CHAPTER XXIX

AT JILAVA AS WELL

Before I conclude this record, I shall mention another kind of unmaskings, identical in scope with those at Pitesti and Gherla, but conducted with a variation in method. The main feature of these unmaskings was the fact that there was no effort to dissimulate the administration's participation in them -- in fact they were openly conducted by the prison personnel, though through prisoners as instruments.

In the spring of 1950 a special room was prepared at Jilava in one of the barracks in the courtyard for use in torturing prisoners who were awaiting trial.

The method was very simple. A guard, usually part of the outer watch, accompanied by the head of the "secret" section, entered a cell and called out the name of the prisoner to be investigated.
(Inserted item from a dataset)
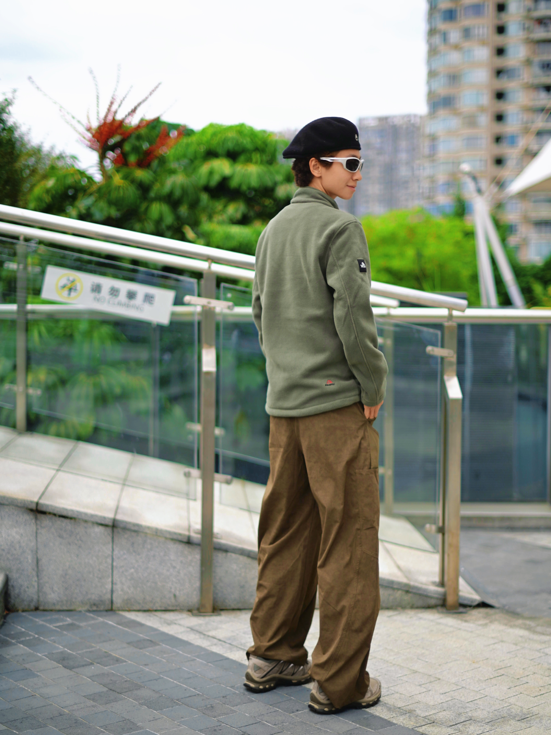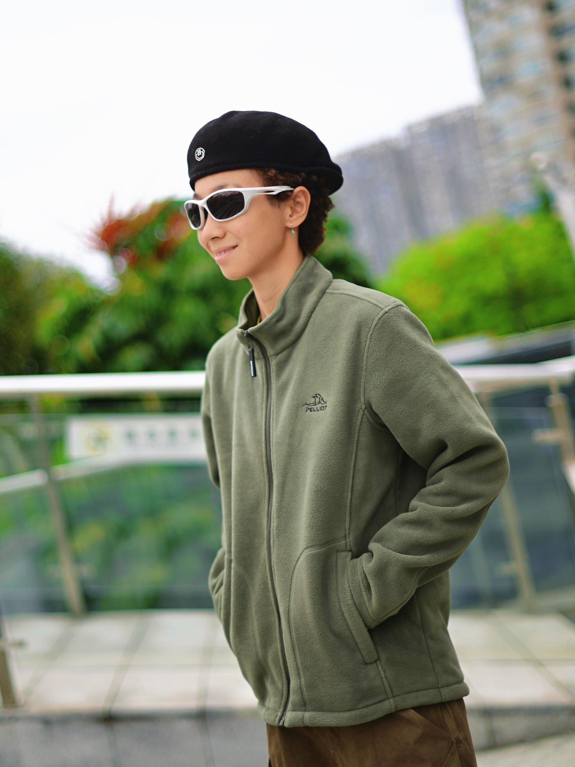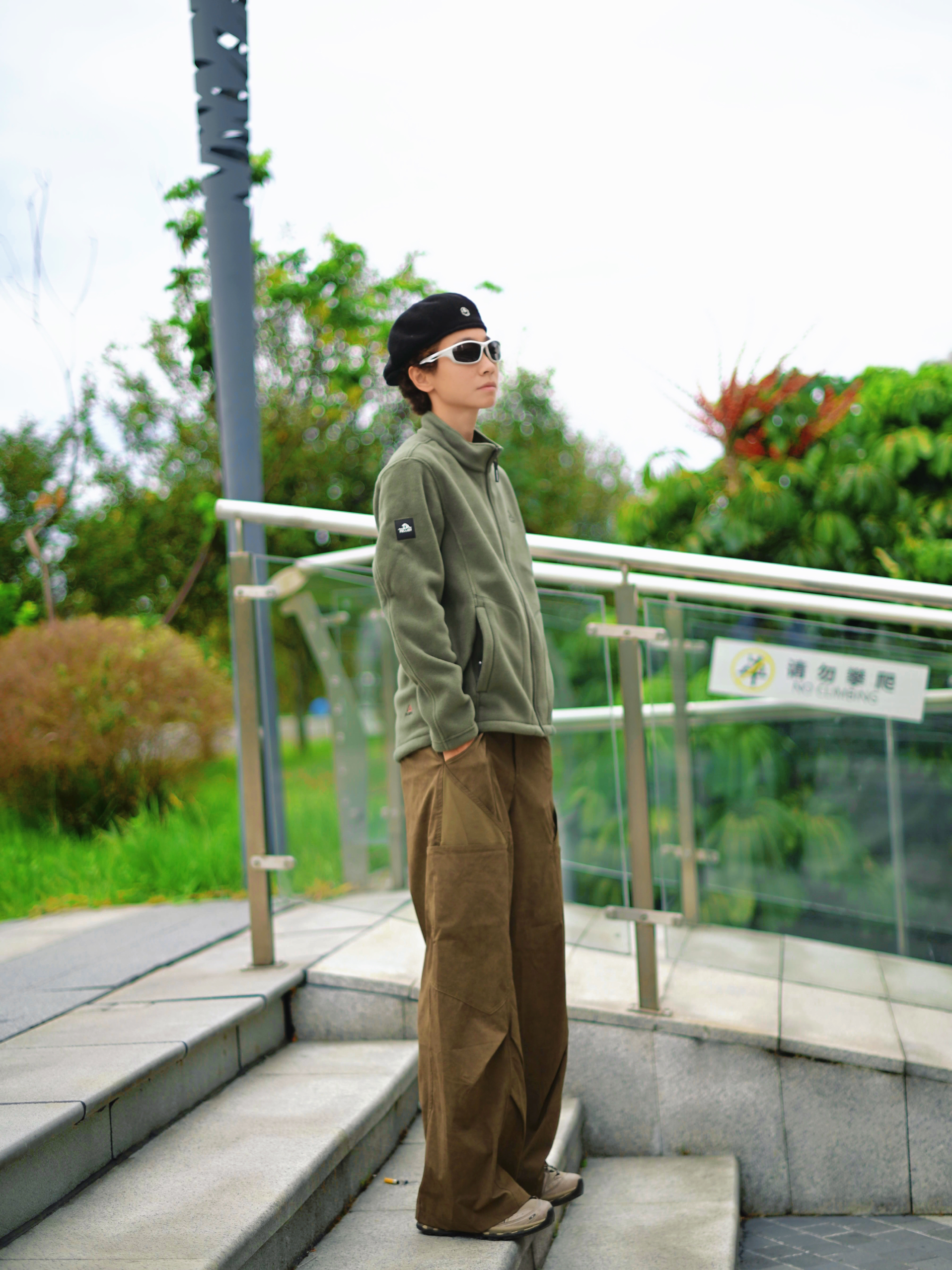 72CM|55KG 👔:m👖:m|👟:39 降温啦 别慌! 上身伯希和Polartec300摇粒绒开衫 军绿色在落叶场景里意外好拍~ 立领设计防风又利落 单穿不扎皮肤,下半身搭配咖色系冲锋裤! 贝雷帽和墨镜加持立刻变身街拍焦点🧤出门city walk啦!

In the corridor, the prisoner's head was covered with a hood so he could see nothing, The guard then took him by the arm and led him through the courtyard and into that specially prepared room.

Here, his eyes still covered and with the guard's grip still on his arm, he was subjected to a stringent inquisition usually based on information gathered in his cell by informers introduced for that function, or through the indiscretions of his various friends in other cells, or directly from the files being compiled at the Ministry of the Interior for his eventual trial. Identification of the interrogators was difficult, for the only means of recognition was by their voices, and the victims naturally supposed they must be facing officers sent from the Ministry of the Interior. Eventually, however, they learned that their questioners were merely other prisoners almost exclusively chosen from among "former" members of the Communist apparatus.

Presumably these old Communists had sinned by agreeing to become informers for the Romanian Securitate during the government of Antonescu. Their leader or, in any case, the one conducting the investigations and directing the torture, was named Mihailov, a Bessarabian seemingly of Russian origin, arrested for having denounced several of his fellow-Communists during the War. Among his collaborators at Jilava, assisting in the "investigations," the meanest and also the most savage was one by the name of Pascu, a mechanic by occupation, and a Communist arrested for the same reasons as Mihailov. I had occasion to meet him several years later, after he was sent to Gherla, where he continued to serve the prison's administration as informer. That was why he was charged with the surveillance of the communal bath, a quite comfortable and especially convenient spot, where he did nothing but oversee those who bathed, and could eavesdrop on every word spoken. Another participant at Jilava was a Hungarian mechanic, Buchs, who was sent to Aiud in 1951 and there was quite discreet, behaving relatively well. (It is possible that the Securitate's promises, later broken, had opened his eyes. ) In addition, it was reported that a simple worker, rather retarded mentally, was used particularly to conduct prolonged beatings. The team of "investigators" numbered over ten, but only those I have just mentioned were definitely identified.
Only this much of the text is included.